2. We will sort the following option on an example too: Condition 2. For preparation of pear compote water, pears and sugar which mass has to be proportional to numbers 4.3 and 2 respectively is necessary. How many it is necessary to take each component (on weight) to prepare 13.5 kg of compote? Decision: Let preparation of compote require a (kg) of water, b (kg) of pears, c (kg) of sugar. Then a/4=b/3= with / 2. Let's take each of the relations for H. Togd of a/4= ò, b/3= ò, with / 2 = X. From this it follows that a = 4X, b = 3X, c = 2H.Po to a statement of the problem, a + b + c of =13.5 (kg). From this follows, chto4kh + 3X + 2X = 13.59X = 13.5X = 1.51) 4*1.5 = 6 (kg) there are waters; 2) 3*1.5 = 4.5 (kg) – pears; 3) 2*1.5 = 3 (kg) – sugar. Answer: 6, 4.5 and 3 kg.

3. The following type of the solution of tasks "on a part" - on finding of fraction from number and number from fraction. At the solution of tasks of this kind it is necessary to remember two rules: 1. To find fraction from a certain number, it is necessary to increase this number by this fraction.2. To find all number on a preset value of its fraction, it is necessary to divide this value into fraction. On an example we will sort such tasks. Condition 3: To find value X if 3/5 parts of this number are equal to 30. Let's issue the decision in the form of the equation: According to the rule, imeem3/5X = 30X = 30:3/5X = 50.

4. Condition 4: To find the area of a kitchen garden if it is known what was dug up by 0.7 all kitchen gardens, and it was necessary to dig up 5400 sq.m? Decision: Let's take all kitchen garden for unit (1). Then, 1). 1 – 0.7 = 0.3 - not dug up part of a kitchen garden; 2). 5400:0.3 = 18000 (sq.m) – the area of all kitchen garden. Answer: 18000 sq.m. Let's review one more example. Condition 5: The traveler was in way 3 days. In the first day it proshel1/4 a part of a way, in the second – 5/9 the remained ways, in the last day it passed the remained 16 km. It is necessary to find all way of the traveler. Decision: Let's take all way for X (km). Then, in the first day it passed 1 / 4X (km), in the second – 5/9 (X – 1/4X) = 5/9*3/4X = 5/12X. Knowing that in the third day it passed 16 km: 1/4X + 5/12 + 16=X1/4X+5/12-X = - 16-1/3X = - 16X =-16 :(-1/3)X =48otvet: All way of the traveler is equal to 48 km.

5. Condition 6: Bought 60 buckets, and 5-liter it was twice more, than 10-liter. How many parts are the share of buckets of 5 liters, of buckets of 10 liters, of all buckets? How many did buy 5-liter and 10-liter buckets?
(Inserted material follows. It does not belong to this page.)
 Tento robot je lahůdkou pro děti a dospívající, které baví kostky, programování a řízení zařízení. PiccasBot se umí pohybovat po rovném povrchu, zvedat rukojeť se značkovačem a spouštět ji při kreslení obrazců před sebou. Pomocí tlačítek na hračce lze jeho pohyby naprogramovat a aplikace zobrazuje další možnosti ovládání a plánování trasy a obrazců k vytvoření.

Let buckets 10-liter make 1 part, then 5-liter make 2 part.1) 1 + 2 = 3 (parts) — it is the share of all buckets; 2) 60:3 = 20 (buckets.) — it is the share of 1 part; 3) 20 · 2 = 40 (buckets) — are the share of 2 parts (5 liter buckets).
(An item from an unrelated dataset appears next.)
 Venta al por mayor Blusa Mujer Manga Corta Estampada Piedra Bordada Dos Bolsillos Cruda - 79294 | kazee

6. Condition 7: Spent for doing homework (algebra, physics and geometry) of Rohm 90 minutes. It spent 3/4 those for physics time that spent for algebra, and on geometry is 10 min. less, than on physics. What is the time Roma spent for each subject separately. Decision: Let x (min.) it spent for algebra. Then 3/4kh (min.) left on physics, and for geometry it is spent (3/4kh – 10) minutes. Knowing that it spent for all lessons 90 minutes, we will work out and we will solve the equation: X +3/4kh +3/4kh-10=905/2kh = 100X=100:5/2X=40 (min.) – left on algebra; 3/4*40=30 (min.) - on physics; 30-10=20 (min.) - on geometry. Answer: 40 min., 30 min., 20 min.